As you maybe aware of recently Oracle has stopped commerical support for future releases of the Glassfish server. You can read the official announcement here and see a whole range of comments on the Internet herewith the usual selection of views ranging from ‘no big deal’ to ‘end of the world’. As a result GlassFish users may be considering moving to different application servers or at least looking at their options.
So I thought this was a good opportunity to share some technical information you may need to know prior to your server selection process. If you have the expertise knowledge on server side technologies, please feel free to skip this article.
1. Number of concurrent users the system should support
This refers to the number of active users (Users interaction until the session has expired) who interact with the application server periodically.
When to move to on demand cloud access or increase the processing power ?
As you know, on demand cloud access is a little more expensive than the usual dedicated cloud/servers; However they can provide a high level of performance throughout the peak times; This point in above chart indicates when optimal performance is reached and beyond which throughput starts to degrade; So this would be the better time to move to an on demand access.
2. Average think time between requests
The average time a user spends for submitting one form to another. Think time may vary based on users for example web service clients have less think time than human users, therefore the average calculation is recommended to resolve the formula given next paragraph.
3. Average Response Time
The Response time refers to the amount of time an Application Server consumes to return the results of a request to the user.

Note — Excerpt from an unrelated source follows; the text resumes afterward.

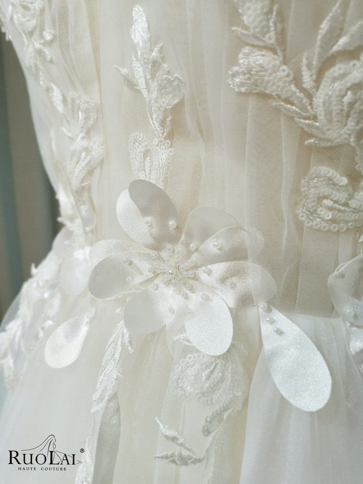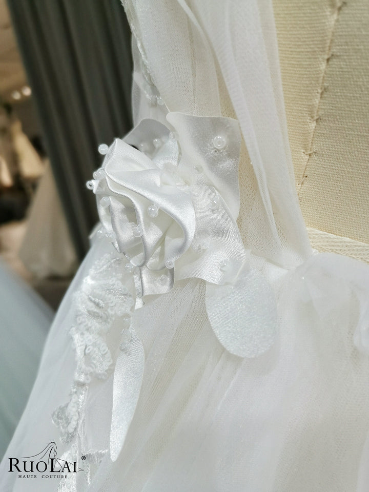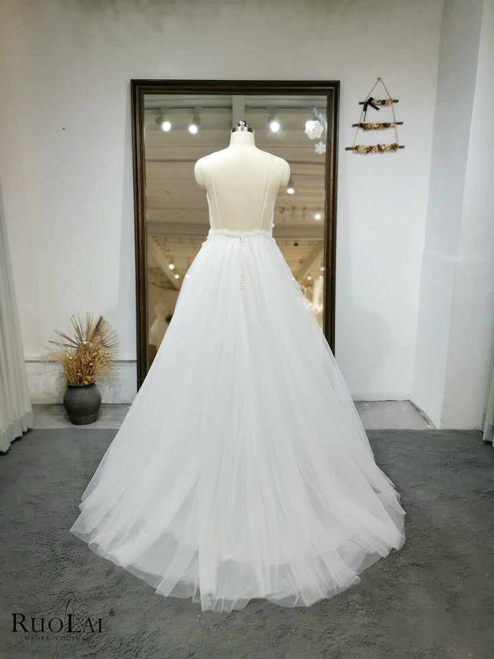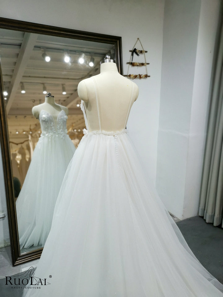 A Line Wedding Dress Flower Spaghetti Strap Beading Bride Elegant Dress Backless Bridal Gown V Neck Vestido De Novia Robe Marriage
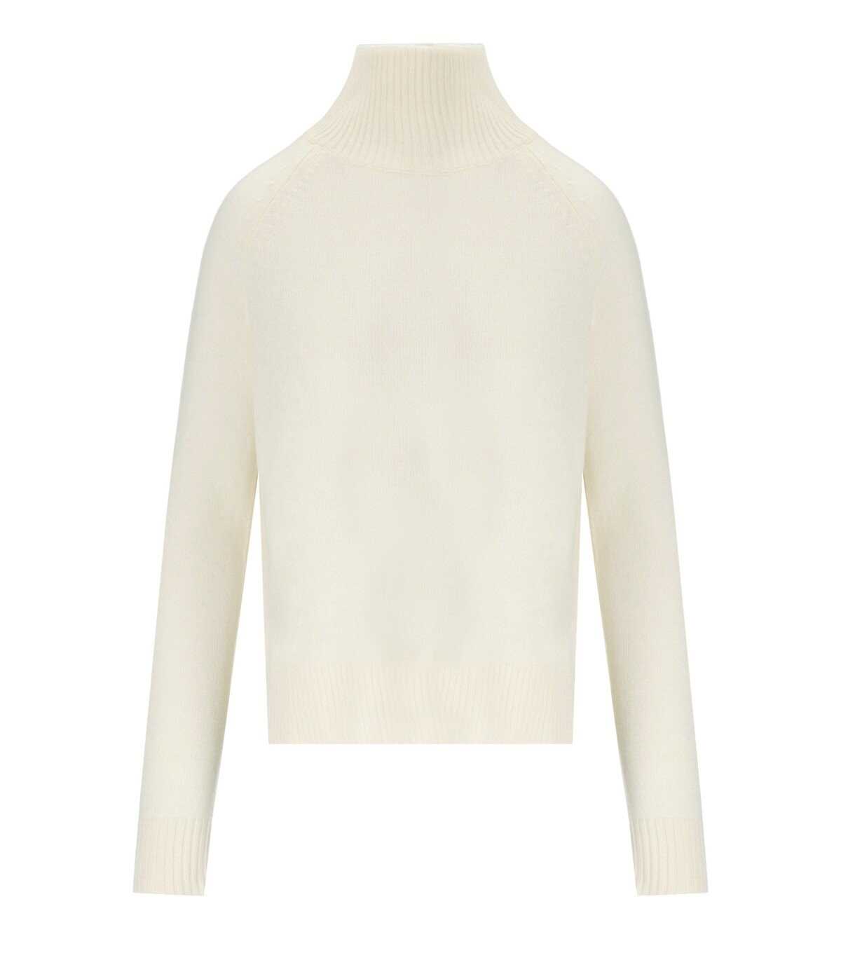 Max Mara Weekend Alcali turtleneck jumper made of precious pure cashmere yarn, in white color. Characterized by long raglan sleeves and side slits at the hips, it has a medium length. Tailored in satin stitch, it features a slightly asymmetrical hem at the back. Adorned with ribbed edges. Relaxed fit.

The calculation for his can be summarized as a formula given below:
Tresponse = n/r – Tthink
n = Number of concurrent users (i.e 10,000)
r = number of requests per second the server receives (i.e 2000)
Tthink = average user think time in seconds (2)
Example: Tresponse = 10000/200 – 20 = 3sec
4. Requests per Minute
Once we know the response time and the thinking time then the request per minute can be revealed easily by working out the formula and multiplying the answer by 60, Requests per minute are inversely proportional to response time after the break even point is reached.
r = n/(Tresponse + Tthink)
so Request per minute = r*60 ;
5. Modularization/ componentized server
Good Application servers are expected to ensure that only those features required by the applications actually deployed when the server are initiated.
6. IDE tooling and GUI support
We always prefer visual components over scripts and IDE integration over custom ant tools.
Other Important factors included:
7. Technical support and documentation
8. Parallel developments with Java EE components
9. Security and authentication
For more details on this you can refer to the oracle technical documentation site.
How do you select your java applications server?